Epictète au bord du chemin

25 Mars 2009 , Rédigé par Christophe Lamoure Publié dans #Textes Bibli

 


Une course en montagne en haute Savoie


La première et la plus importante est que nous méprisions les choses qui ne dépendent pas de nous et que notre attention se porte à cultiver le gouvernement de nous-même et rien d’autre.


Je progresse lentement en direction du Pic grand bec, un pas après l’autre, seule dans une nature grandiose et enveloppante.

Mes trois compagnons sont quelques mètres plus bas. Robert, notre guide, ferme la marche.

Chacun est seul et semble perdu dans ses pensées.

- Le choix de la course, qui en a décidé ?

- Pas moi.

La marche d’approche est longue et pénible, mon sac pèse, il fait chaud. Trois heures passent, toujours pas de refuge en vue, je sens mon esprit, sorti de mon corps robotisé qui dialogue avec lui :

- «Qu’est-ce que tu viens faire dans cette bavante ? Les autres sont plus entraînés, ils sont plus résistants, ils souffrent moins... tu as mal aux épaules, tu as soif...

- Oui, mais voilà j’étais consentante, je ne puis m’en prendre à notre équipe, ni les accuser de mes maux, ni me plaindre. Il faut avancer, garder le silence, ne rien laisser paraître.


Intérieurement je peste contre ce guide, j’envie les autres, mon courage s’effrite, je suis sur le point de basculer.

- Si je redescendais ?

- Non impossible, il faut résister, tenir, même si les événements n’arrivent pas comme je le souhaiterais ou comme je l’avais imaginé.

- Je me couche.

- Une bonne nuit et le calme reviendra peut être ?

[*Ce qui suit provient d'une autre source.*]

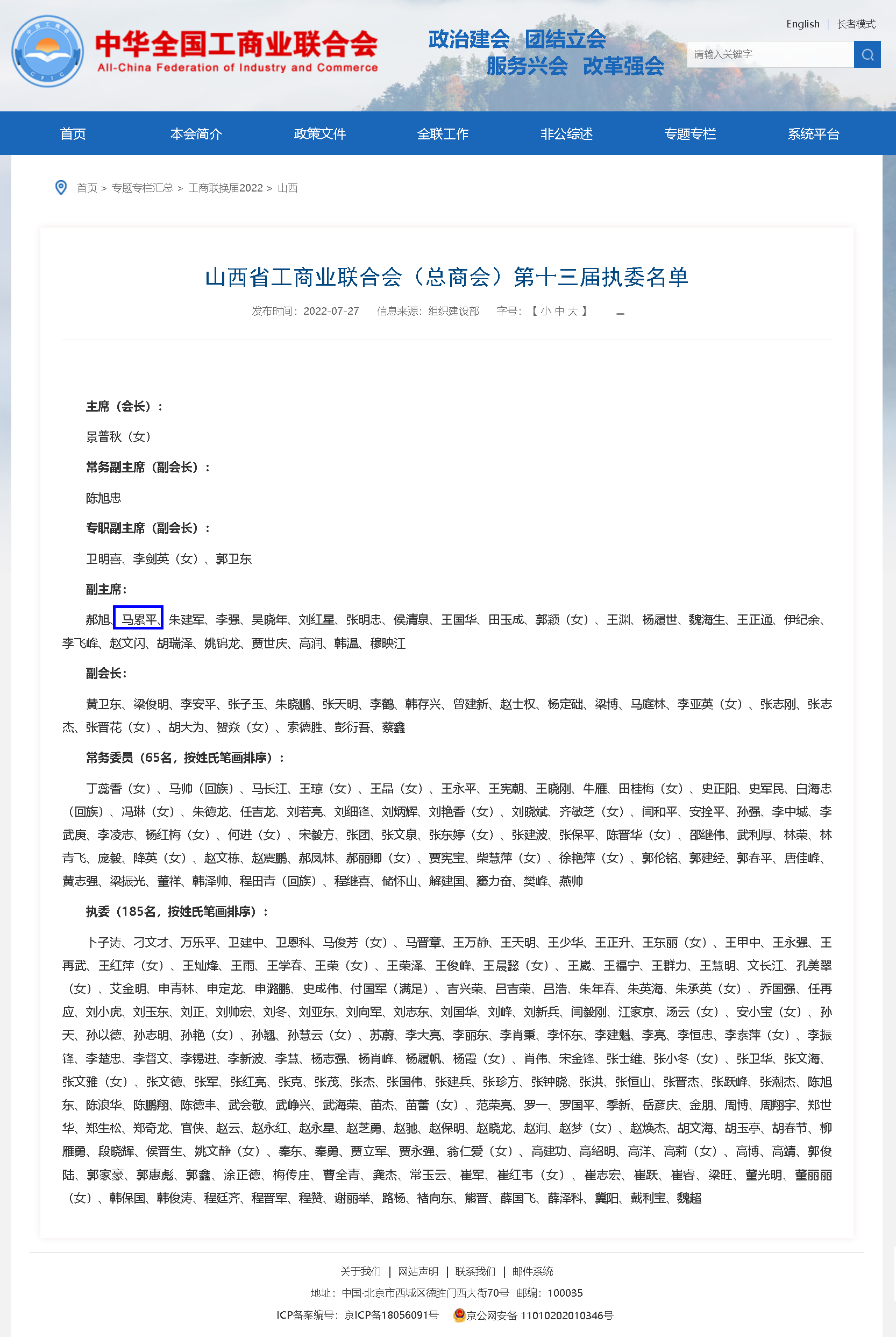 第十三屆山西省工商聯(lián)主席、總商會(huì)會(huì)長(zhǎng)

Quatre heures du matin, nous repartons, mon esprit dans un demi-sommeil vagabonde toujours. Il fait nuit, nous progressons lentement. Tout à coup, nous butons contre un mur vertical, l’aube pointe. Ici l’obstacle est sérieux : il faut s’encorder. La peur me saisit au ventre, jamais je n’ai escaladé de paroi aussi raide et longue.

Il faut raison garder, arrivera ce qui doit arriver, je me lance, la hauteur des enjambées entre les points d’accroche est un obstacle pour ma taille mais pas pour ma volonté. Surtout ne pas regarder plus bas, avancer toujours. Tant bien que mal, je passe.

Arrivés au sommet, épuisés, nous mangeons un bout sur le glacier et, au moment de repartir, Robert dit :
- La petite (c’est-à-dire moi) va passer devant pour tester les ponts de neige entre les crevasses.
Nouvelle frayeur immédiate : comment vaincre mes démons intérieurs ? C’est une nouvelle mise à l’épreuve.
J’accepte, ainsi que le destin qui l’accompagne, qui n’est pas de mon ressort. Je ne peux me laisser troubler par une opinion ou des dires : le risque n’est peut être pas si grand.
Ainsi déchargée de mon inquiétude, je franchis les ponts de neige.

La course se termine, je suis heureuse d’avoir eu le courage de vaincre.

Dans un paysage alpestre d’une immense beauté, je me surprends à penser à mon bonheur :

« il dépend de moi en effet de bien jouer le personnage qui m’est donné et d’avoir le courage de vaincre mais le choisir appartient à un autre ».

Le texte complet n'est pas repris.